Money Supply in the credit crunch and recession

Question: re: article on the great recession. How did the money supply affect the credit crunch and recession?

Firstly, we can look at the statistics for the money supply growth rate in the UK.


Source: Bank of England

This shows strong growth in the broad money supply in the years leading up to the credit crunch. – An annual growth rate of 10%. By 2010, broad money supply growth had become negative. This is a result of the fall in bank lending we saw in the recession, and the corresponding effect on broad money supply growth.

Did money supply growth play a role in the credit boom? The main issue was the rise in bank lending, and the type of unsustainable bank lending. The growth of the broad money supply didn’t give a clear sign of an underlying boom. If you look at the money supply from a historical perspective, it has always been difficult to see an easy link between the money supply and the rest of the economy.

Broad money supply over past 100 years.

UK broad money supply

source: Bank of England

Money Supply in the credit crunch

This first graph suggests that at the heigh of the credit crunch 2008 to May 2009, the money supply was rising at a fast rate, which you wouldn’t expect. This is true, but it only tells half of the story.

Money supply and velocity of circulation

The money supply is the stock of money in the economy. However, it is also very important to know the velocity of circulation of money. The velocity refers to the amount of times this money changes hands in a year. The velocity of circulation has been in long-run decline because of various changes to financial sector.

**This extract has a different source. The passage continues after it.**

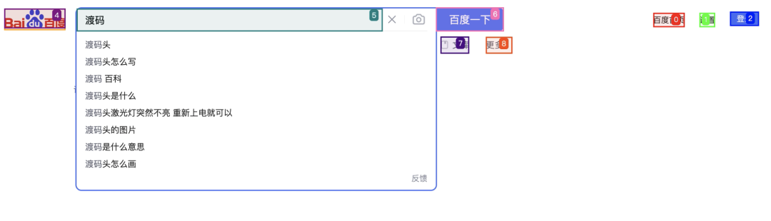 这个例子中,有两个行动,第一步,在页面元素标号12的地方(搜索框)输入‘渡码’;第二步,在页面元素标号13的地方(搜索按钮)点击,完成搜索。
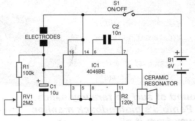 Este circuito se encontró en una documentación en inglés de la década de 1990. Utiliza un CMOS 4046 PLL y funciona con una batería de 9 V. Los sensores son dos electrodos que la persona debe sostener. El timbre es un transductor cerámico común.

But, in the credit crunch, the velocity fell sharply.

Velocity of Circulation = GDP at current prices / average value of the money stock

In 2009, we see an increase in the money supply because of quantitative easing (Central Bank creating money and purchasing bonds from  banks). This increased the money supply, but during this period the velocity of circulation fell. Banks weren’t lending the extra money. In a recession, people spend less so money changes hands more infrequently.

Therefore, money supply growth of 15% was misleading to economic activity.

velocity of circulation

source: B of E quarterly bulletin 2011

Money stock and Velocity of circulation

2008 Q3-7.66
2008 Q4-12.27
2009 Q1-17.82
2009 Q2-17.34
2009 Q3-13.45
2009 Q4 


ONS – sadly discontinued series

M4 excluding OFC

Another issue is which measure of money supply to use. The Bank of England are pushing M4 – excluding intermediate OFC’s (shadow banking)

Other graphs of interest

M0 Notes and Coins


The narrow definition of money supply is notes and coins in circulation.